§ **Task statement**: Lines before the one with "The M.Persaud name" are left out; return that line and all that follow it, exactly, through the end of the data.

(Records excerpted from a collection)
+ + + + +

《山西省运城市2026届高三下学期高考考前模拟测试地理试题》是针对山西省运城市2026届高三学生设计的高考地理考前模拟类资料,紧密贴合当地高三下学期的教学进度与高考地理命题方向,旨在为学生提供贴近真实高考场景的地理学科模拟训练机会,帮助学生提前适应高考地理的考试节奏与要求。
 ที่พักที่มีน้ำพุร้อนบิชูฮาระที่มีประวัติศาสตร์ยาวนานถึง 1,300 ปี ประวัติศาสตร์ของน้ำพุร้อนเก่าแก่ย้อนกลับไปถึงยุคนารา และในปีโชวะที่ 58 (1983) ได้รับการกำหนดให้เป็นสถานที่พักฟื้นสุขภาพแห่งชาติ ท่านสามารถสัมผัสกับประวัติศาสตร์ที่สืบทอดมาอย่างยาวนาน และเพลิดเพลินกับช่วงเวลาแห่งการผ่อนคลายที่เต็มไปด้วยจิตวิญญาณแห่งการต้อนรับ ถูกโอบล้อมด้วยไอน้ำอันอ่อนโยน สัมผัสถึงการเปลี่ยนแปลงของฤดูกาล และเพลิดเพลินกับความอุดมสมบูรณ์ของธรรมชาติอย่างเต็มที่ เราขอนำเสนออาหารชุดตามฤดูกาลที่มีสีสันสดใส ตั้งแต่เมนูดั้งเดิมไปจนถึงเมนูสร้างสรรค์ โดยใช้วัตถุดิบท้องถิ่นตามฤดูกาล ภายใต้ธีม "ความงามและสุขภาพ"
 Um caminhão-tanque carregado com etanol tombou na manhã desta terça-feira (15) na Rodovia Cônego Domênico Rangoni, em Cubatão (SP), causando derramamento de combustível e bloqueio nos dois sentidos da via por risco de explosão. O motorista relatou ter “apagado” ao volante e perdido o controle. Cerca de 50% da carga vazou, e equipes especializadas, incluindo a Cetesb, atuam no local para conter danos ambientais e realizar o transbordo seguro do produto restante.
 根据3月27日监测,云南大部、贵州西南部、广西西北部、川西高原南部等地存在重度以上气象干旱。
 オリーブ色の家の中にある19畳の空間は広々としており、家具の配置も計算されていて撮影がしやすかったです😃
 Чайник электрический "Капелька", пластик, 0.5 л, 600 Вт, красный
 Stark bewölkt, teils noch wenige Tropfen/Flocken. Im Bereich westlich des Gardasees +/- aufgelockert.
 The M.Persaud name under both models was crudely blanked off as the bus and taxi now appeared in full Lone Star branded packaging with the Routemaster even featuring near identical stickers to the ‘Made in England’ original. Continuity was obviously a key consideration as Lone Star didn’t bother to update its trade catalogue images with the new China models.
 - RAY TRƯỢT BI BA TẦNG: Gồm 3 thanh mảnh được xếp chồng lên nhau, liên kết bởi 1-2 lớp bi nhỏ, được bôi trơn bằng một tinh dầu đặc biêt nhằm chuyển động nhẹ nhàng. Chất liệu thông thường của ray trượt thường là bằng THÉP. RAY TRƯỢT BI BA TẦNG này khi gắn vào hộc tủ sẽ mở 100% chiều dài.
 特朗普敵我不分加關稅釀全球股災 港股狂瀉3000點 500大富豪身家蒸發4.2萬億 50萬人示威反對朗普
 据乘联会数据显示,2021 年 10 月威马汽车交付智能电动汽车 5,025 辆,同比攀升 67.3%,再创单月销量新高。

+ + + + +

§ **Answer to this task**:
 The M.Persaud name under both models was crudely blanked off as the bus and taxi now appeared in full Lone Star branded packaging with the Routemaster even featuring near identical stickers to the ‘Made in England’ original. Continuity was obviously a key consideration as Lone Star didn’t bother to update its trade catalogue images with the new China models.
 - RAY TRƯỢT BI BA TẦNG: Gồm 3 thanh mảnh được xếp chồng lên nhau, liên kết bởi 1-2 lớp bi nhỏ, được bôi trơn bằng một tinh dầu đặc biêt nhằm chuyển động nhẹ nhàng. Chất liệu thông thường của ray trượt thường là bằng THÉP. RAY TRƯỢT BI BA TẦNG này khi gắn vào hộc tủ sẽ mở 100% chiều dài.
 特朗普敵我不分加關稅釀全球股災 港股狂瀉3000點 500大富豪身家蒸發4.2萬億 50萬人示威反對朗普
 据乘联会数据显示,2021 年 10 月威马汽车交付智能电动汽车 5,025 辆,同比攀升 67.3%,再创单月销量新高。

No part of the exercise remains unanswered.